= Beginning of Section =

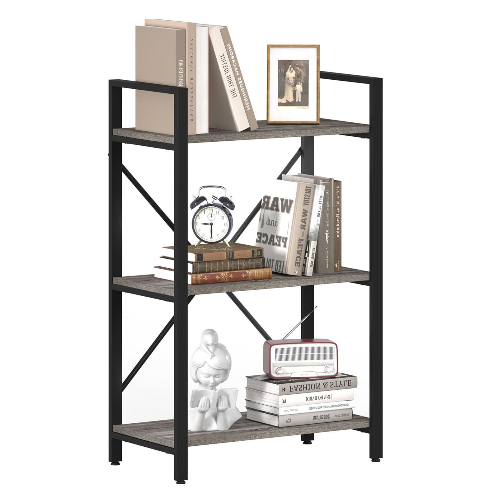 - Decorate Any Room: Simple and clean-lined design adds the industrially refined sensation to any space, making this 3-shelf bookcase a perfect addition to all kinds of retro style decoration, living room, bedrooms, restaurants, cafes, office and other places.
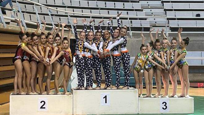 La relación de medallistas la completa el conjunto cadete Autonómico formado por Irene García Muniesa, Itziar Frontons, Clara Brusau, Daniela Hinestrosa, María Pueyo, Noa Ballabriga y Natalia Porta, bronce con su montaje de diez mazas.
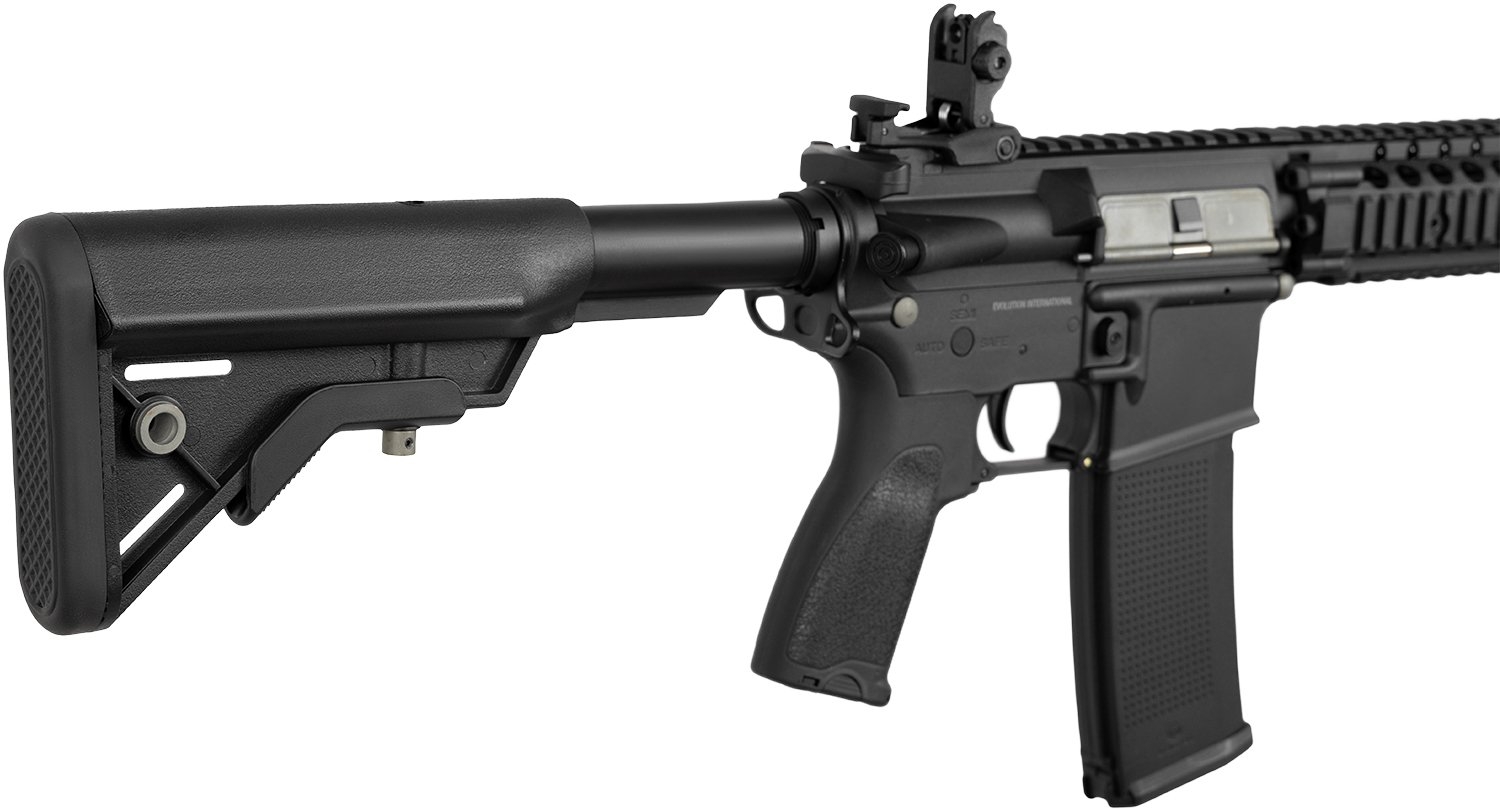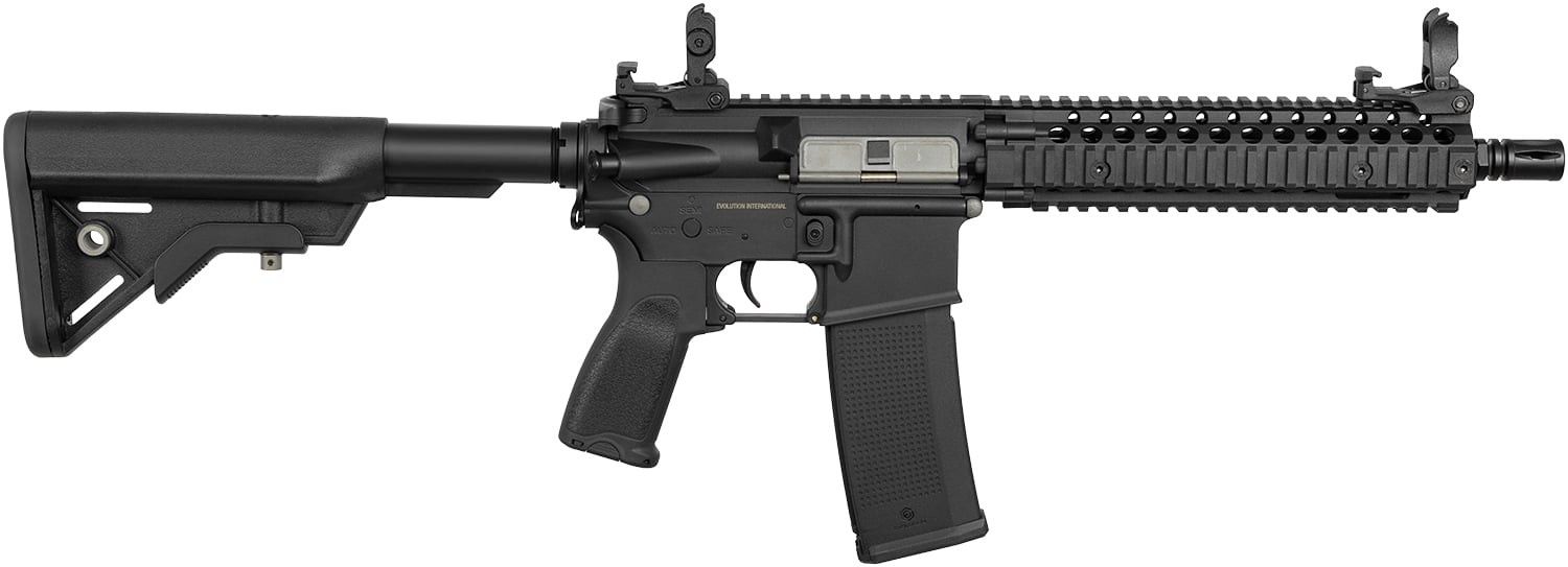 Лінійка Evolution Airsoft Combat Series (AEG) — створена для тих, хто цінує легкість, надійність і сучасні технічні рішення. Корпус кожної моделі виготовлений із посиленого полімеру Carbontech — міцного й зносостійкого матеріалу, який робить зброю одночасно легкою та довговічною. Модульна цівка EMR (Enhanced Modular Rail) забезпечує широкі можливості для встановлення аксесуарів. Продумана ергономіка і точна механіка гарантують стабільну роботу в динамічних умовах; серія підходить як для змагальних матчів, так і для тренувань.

= End of Section =
= Beginning of Section =

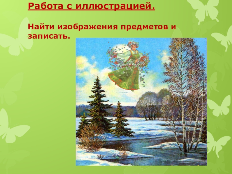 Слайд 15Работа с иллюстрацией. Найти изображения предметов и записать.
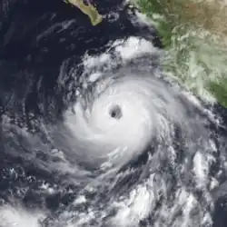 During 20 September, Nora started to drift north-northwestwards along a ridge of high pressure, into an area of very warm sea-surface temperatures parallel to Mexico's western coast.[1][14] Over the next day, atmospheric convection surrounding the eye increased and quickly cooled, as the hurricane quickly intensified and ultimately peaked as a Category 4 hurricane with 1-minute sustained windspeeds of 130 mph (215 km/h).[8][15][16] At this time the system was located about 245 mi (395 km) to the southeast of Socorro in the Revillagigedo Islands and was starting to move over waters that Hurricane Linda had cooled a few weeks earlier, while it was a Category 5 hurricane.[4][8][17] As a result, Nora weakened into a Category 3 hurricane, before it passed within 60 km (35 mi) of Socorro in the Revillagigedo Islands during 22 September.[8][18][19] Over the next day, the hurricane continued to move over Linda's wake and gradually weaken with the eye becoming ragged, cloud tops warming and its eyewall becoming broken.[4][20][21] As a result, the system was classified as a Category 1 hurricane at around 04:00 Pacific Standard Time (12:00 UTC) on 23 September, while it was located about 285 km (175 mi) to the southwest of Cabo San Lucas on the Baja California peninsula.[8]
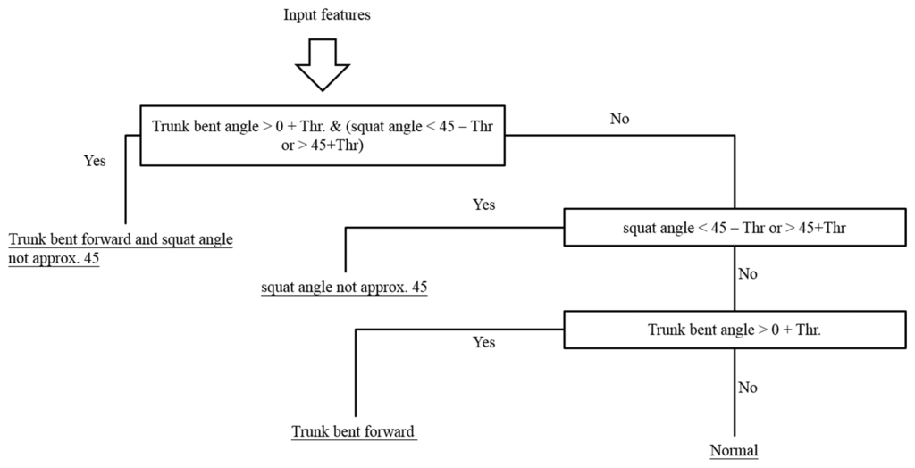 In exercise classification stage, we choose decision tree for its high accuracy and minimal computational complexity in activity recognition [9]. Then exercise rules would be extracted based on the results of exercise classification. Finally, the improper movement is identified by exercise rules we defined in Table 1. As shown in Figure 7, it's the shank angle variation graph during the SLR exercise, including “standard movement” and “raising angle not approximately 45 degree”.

= End of Section =
= Beginning of Section =

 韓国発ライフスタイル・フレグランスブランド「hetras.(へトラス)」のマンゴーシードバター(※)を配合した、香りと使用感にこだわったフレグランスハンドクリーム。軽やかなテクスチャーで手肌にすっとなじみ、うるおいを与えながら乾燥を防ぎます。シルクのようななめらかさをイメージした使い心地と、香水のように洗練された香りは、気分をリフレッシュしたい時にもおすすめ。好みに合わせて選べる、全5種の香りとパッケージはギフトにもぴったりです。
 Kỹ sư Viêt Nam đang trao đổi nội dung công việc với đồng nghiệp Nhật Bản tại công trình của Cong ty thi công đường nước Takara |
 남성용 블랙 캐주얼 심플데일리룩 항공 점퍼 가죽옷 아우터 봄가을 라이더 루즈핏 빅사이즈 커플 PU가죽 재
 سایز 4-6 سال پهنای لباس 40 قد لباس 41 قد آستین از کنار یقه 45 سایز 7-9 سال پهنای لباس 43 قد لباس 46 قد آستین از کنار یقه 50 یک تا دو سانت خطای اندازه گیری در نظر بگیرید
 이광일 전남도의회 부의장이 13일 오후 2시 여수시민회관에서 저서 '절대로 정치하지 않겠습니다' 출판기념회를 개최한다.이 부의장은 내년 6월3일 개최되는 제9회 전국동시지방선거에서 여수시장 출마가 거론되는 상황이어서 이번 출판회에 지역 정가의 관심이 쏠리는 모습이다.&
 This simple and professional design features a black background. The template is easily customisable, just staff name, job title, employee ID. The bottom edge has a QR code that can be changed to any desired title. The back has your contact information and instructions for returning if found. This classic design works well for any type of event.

= End of Section =

▶ **WORK TO BE COMPLETED**:
Keep to the lines above from the line with "- Decorate Any" to the line with "Лінійка Evolution Airsoft", and set down exactly those, inclusive, with nothing else and every picture left out.

▶ **RESULT FOR THIS TASK**:
 - Decorate Any Room: Simple and clean-lined design adds the industrially refined sensation to any space, making this 3-shelf bookcase a perfect addition to all kinds of retro style decoration, living room, bedrooms, restaurants, cafes, office and other places.
 La relación de medallistas la completa el conjunto cadete Autonómico formado por Irene García Muniesa, Itziar Frontons, Clara Brusau, Daniela Hinestrosa, María Pueyo, Noa Ballabriga y Natalia Porta, bronce con su montaje de diez mazas.
 Лінійка Evolution Airsoft Combat Series (AEG) — створена для тих, хто цінує легкість, надійність і сучасні технічні рішення. Корпус кожної моделі виготовлений із посиленого полімеру Carbontech — міцного й зносостійкого матеріалу, який робить зброю одночасно легкою та довговічною. Модульна цівка EMR (Enhanced Modular Rail) забезпечує широкі можливості для встановлення аксесуарів. Продумана ергономіка і точна механіка гарантують стабільну роботу в динамічних умовах; серія підходить як для змагальних матчів, так і для тренувань.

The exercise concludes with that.